From D'Orso et al. (2003). Comparison of RNA-processing mechanisms in (a) yeast and mammalian cells and (b) trypanosomes. The overall steps (blue boxes) forming part of mRNA maturation processes (after transcription) are shown in both cell types. Molecules forming part of the different RNA processing mechanisms are indicated. The grey circle in the nucleus of trypanosome cells indicates the presence of a trans-splicing and polyadenylation machinery. Abbreviations: A, adenylic acid; ARE, AU-rich element; AUBP, AU-rich RNA-binding protein; CBP, cap-binding complex; DCP, decapping complex; eIF, eukaryotic translation initiation factor; EJC, exon-junction complex; hnRNP, heteronuclear ribonucleoprotein; HuR, human RNA-binding protein; In, intron; m7G-cap, tri-methyl-guanosine or CAP structure; mRNA, messenger RNA; NPC, nuclear pore complex; PABP, poly(A)-binding protein; PARN, poly(A)-ribonuclease; RNA Pol II, RNA polymerase II; SL, spliced leader; TcUBP, Trypanosoma cruzi U-rich-binding protein; TBP, TATA-binding protein.

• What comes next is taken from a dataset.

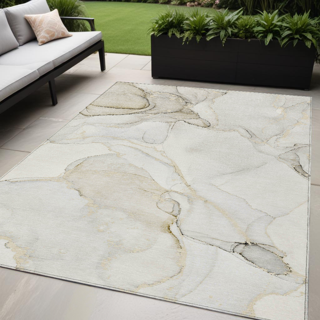 5' X 8' Beige and Ivory Abstract Washable Non Skid Indoor Outdoor Area Rug

Major RNA binding proteins in trypanosomes:
Taken from same paper.
Questions:
1. What are two novel features of transcription in trypanosomes?
2. Why do you think th at it has been so difficult to identify a Pol II promoter in trypanosomes?
3. What type of genetic regulation is used in trypanosomes - transcriptional, post transcriptional or translational?
4. Why is the trans splicing of the SL a possible target for chemotherapy?
5. How is mRNA turnover regulated in trypanosomes?